++++ DATASET EXTRACT
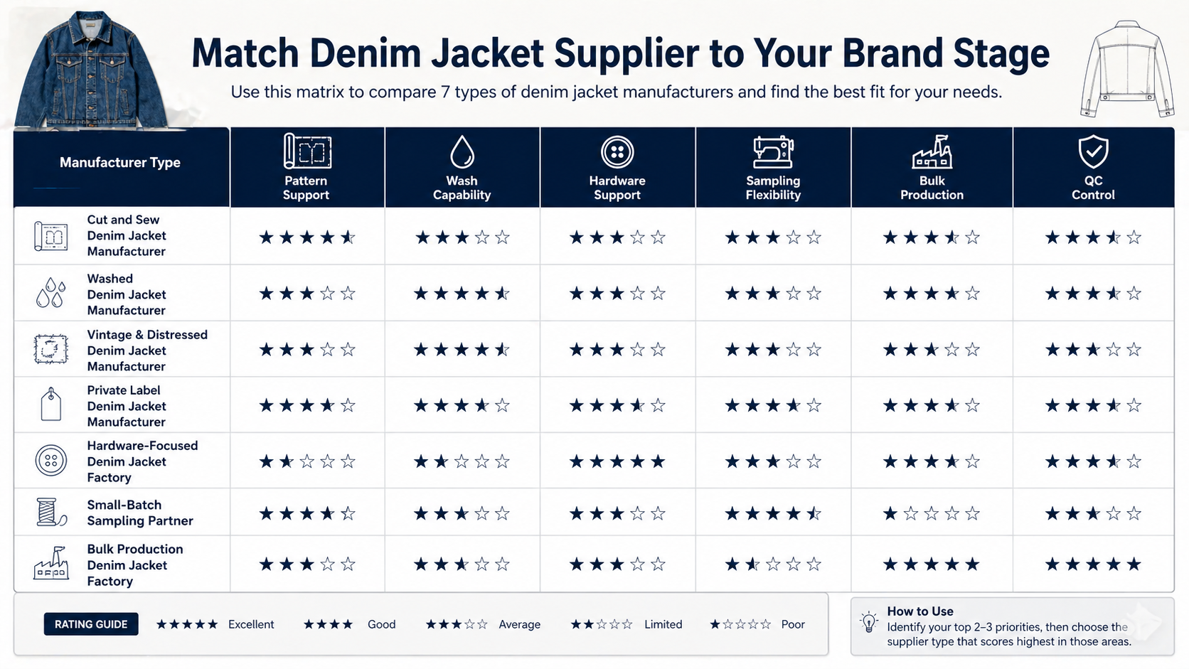 A "Top 7 denim jacket manufacturers" article can be misleading if it ranks factories without verified production data, factory audits, buyer feedback, or comparable denim category evidence. For fashion brands, the more practical question is not "Who is number one?" but "Which type of denim jacket manufacturer fits this project?"
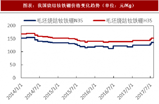 稀土打黑减小永磁稀土材料供给。钕铁硼又称磁钢,其组成成分中,稀土元素钕占比约 30%,金属元素铁占比约 65%,非金属元素硼占比约 1%,钕元素含量占比虽不如铁,但其成本占比高,决定了钕铁硼价格受稀土材料影响较大。2016 年底,工信部组织八部门开展稀土打黑行动,意在打击违规开采行为、控制稀土产量,相比于历次打黑,本次持续时间长、力度大,行业普遍预期打黑将常态化,一方面规范了稀土市场,同时也使得稀土材料供应减少,价格上涨。
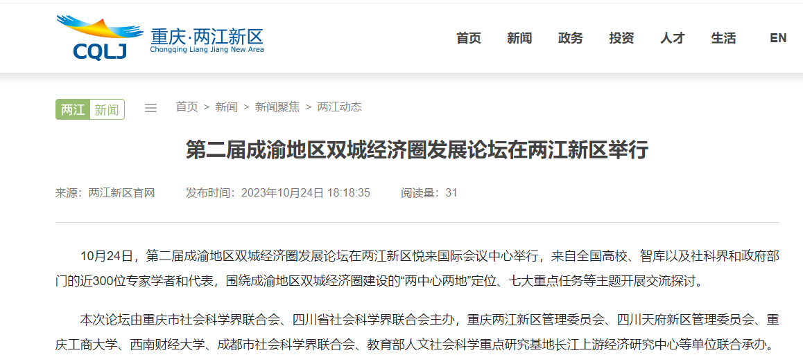 bat365官网参与承办的第二届成渝地区双城经济圈发展论坛受多家主流媒体报道
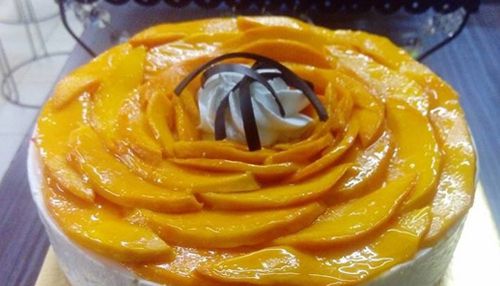 A rich melt-in-your-mouth cheese cake that is flavoured with chocolate and mango.
++++++++
WORK REQUIRED » Every line above should be copied exactly, apart from any pictures.

REPLY TO THE EXERCISE »
 A "Top 7 denim jacket manufacturers" article can be misleading if it ranks factories without verified production data, factory audits, buyer feedback, or comparable denim category evidence. For fashion brands, the more practical question is not "Who is number one?" but "Which type of denim jacket manufacturer fits this project?"
 稀土打黑减小永磁稀土材料供给。钕铁硼又称磁钢,其组成成分中,稀土元素钕占比约 30%,金属元素铁占比约 65%,非金属元素硼占比约 1%,钕元素含量占比虽不如铁,但其成本占比高,决定了钕铁硼价格受稀土材料影响较大。2016 年底,工信部组织八部门开展稀土打黑行动,意在打击违规开采行为、控制稀土产量,相比于历次打黑,本次持续时间长、力度大,行业普遍预期打黑将常态化,一方面规范了稀土市场,同时也使得稀土材料供应减少,价格上涨。
 bat365官网参与承办的第二届成渝地区双城经济圈发展论坛受多家主流媒体报道
 A rich melt-in-your-mouth cheese cake that is flavoured with chocolate and mango.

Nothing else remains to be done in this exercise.